I’ve been playing around a lot with OpenAI’s Whisper speech-to-text engine this year. Whisper isn’t perfect, but it does a remarkably good job, substantially lowering the effort and cost of generating transcripts.
There are dedicated apps to transcribe using Whisper like MacWhisper by Jordi Brun and Transcriptionist from the makers of Ferrite, both of which I’ve tried. However, the most promising option so far is a new Transcribe block released today as part of Audio Hijack by Rogue Amoeba.
The new block is a beta feature that Rogue Amoeba’s Paul Kafasis says the company will continue to refine. It’s using the same underlying Whisper technology as other apps, but by reducing transcription to part of your existing recording flow, it’s possible to transcribe on the fly as you record and identify speakers whose audio is coming from separate channels.

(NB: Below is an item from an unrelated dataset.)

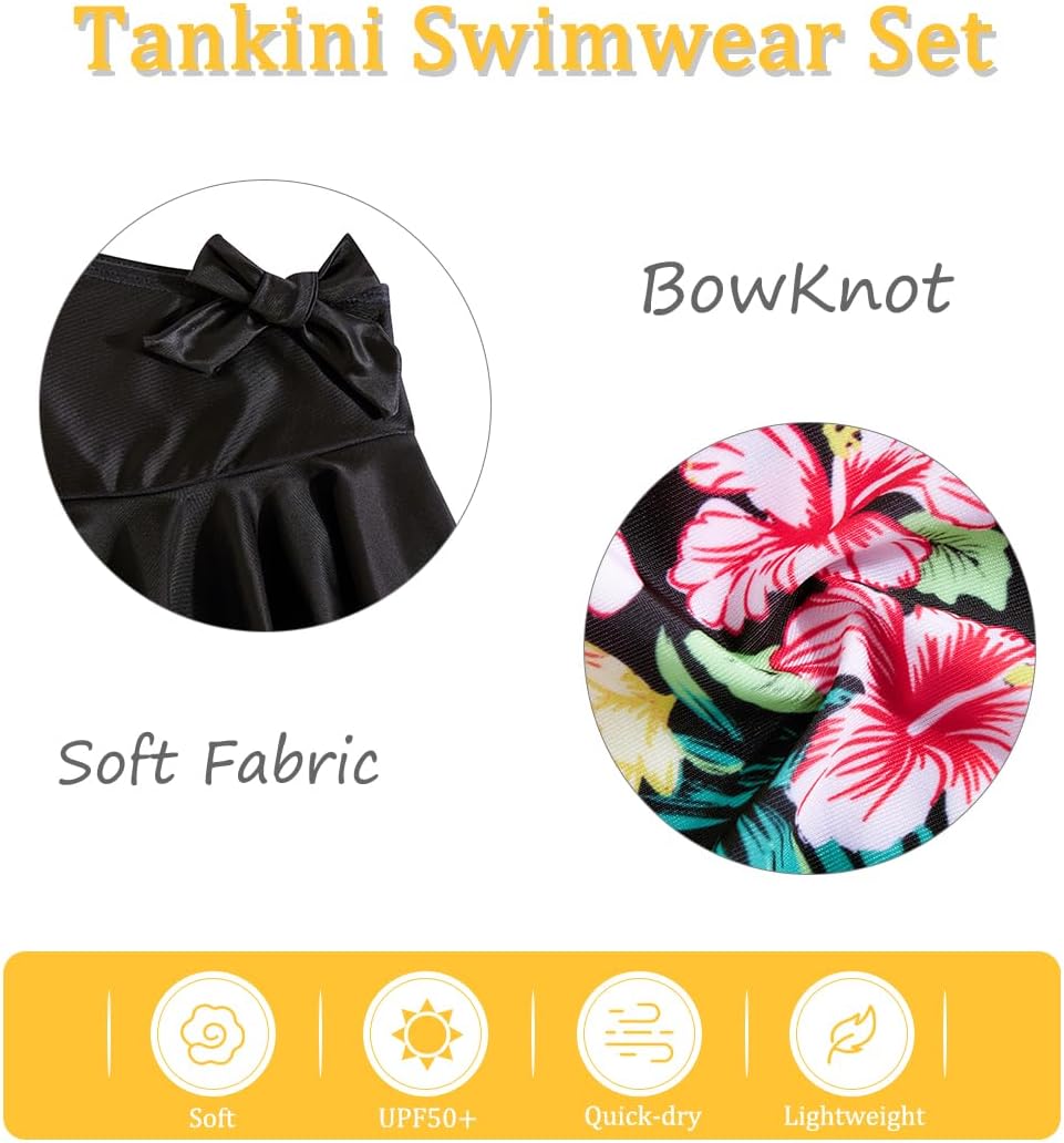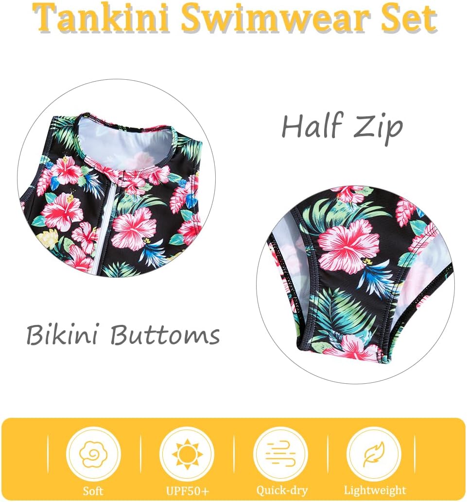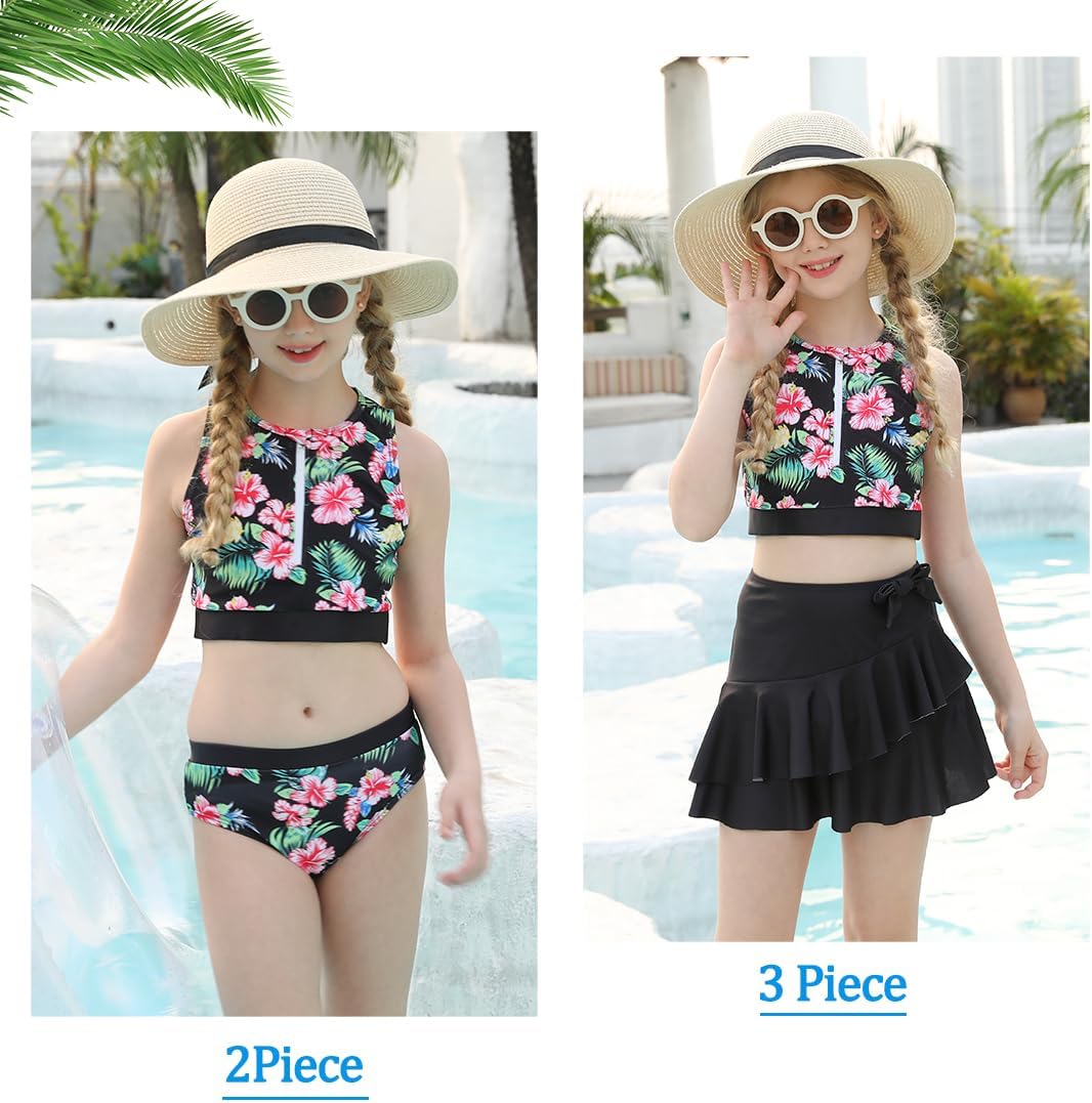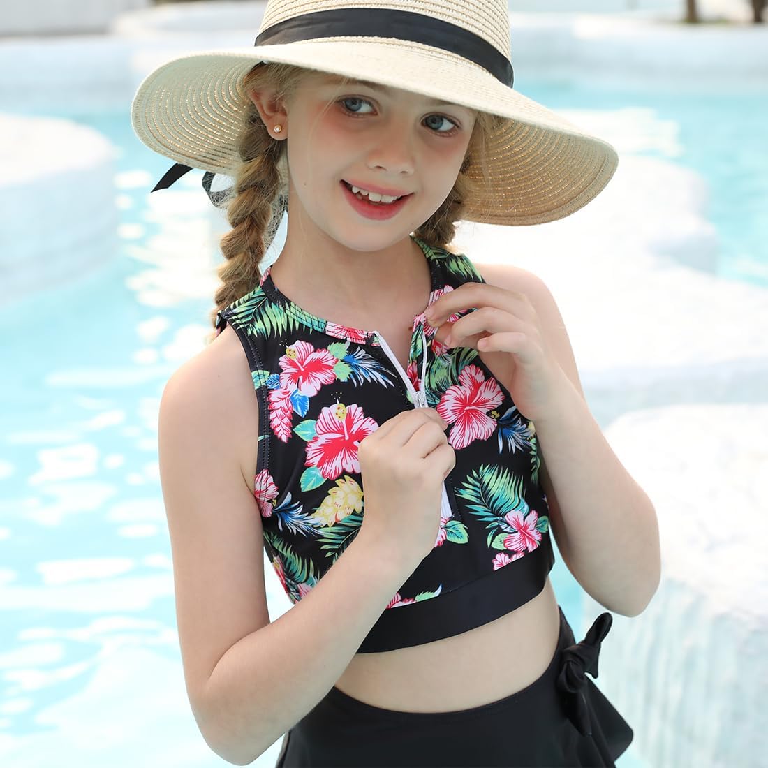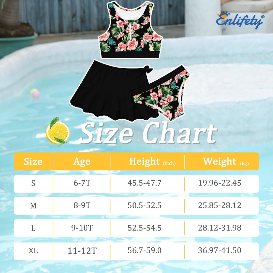 Enlifety 6-12 Years Girls Swimsuit 3 Piece Tankini Bathing Suit Zipper Swimwear Set with Cover Up Beach Skirt

We weren’t recording any shows today, so to test the new feature, I copied our MacStories Unwind recording session and used the Zoom audio settings as a stand-in for Federico. I spoke into my microphone, which was one source, and used the piano music from Zoom’s settings as the other source. Audio Hijack recorded both and started transcribing the audio as I was still recording. Here are the results:
This was a very limited test. It remains to be seen how the app does with a longer recording session, but the ease with which I set this up has me excited. By renaming the sources fed into the Transcribe block, I was able to create a real-time transcript complete with timestamps and our names.
Still, as impressive as the results are, I don’t publish what I record in Audio Hijack. It still needs to be edited, at which point the transcript created with this session would diverge from the released audio. Nonetheless, for a newly released beta feature, I’m impressed and looking forward to seeing where Rogue Amoeba takes this.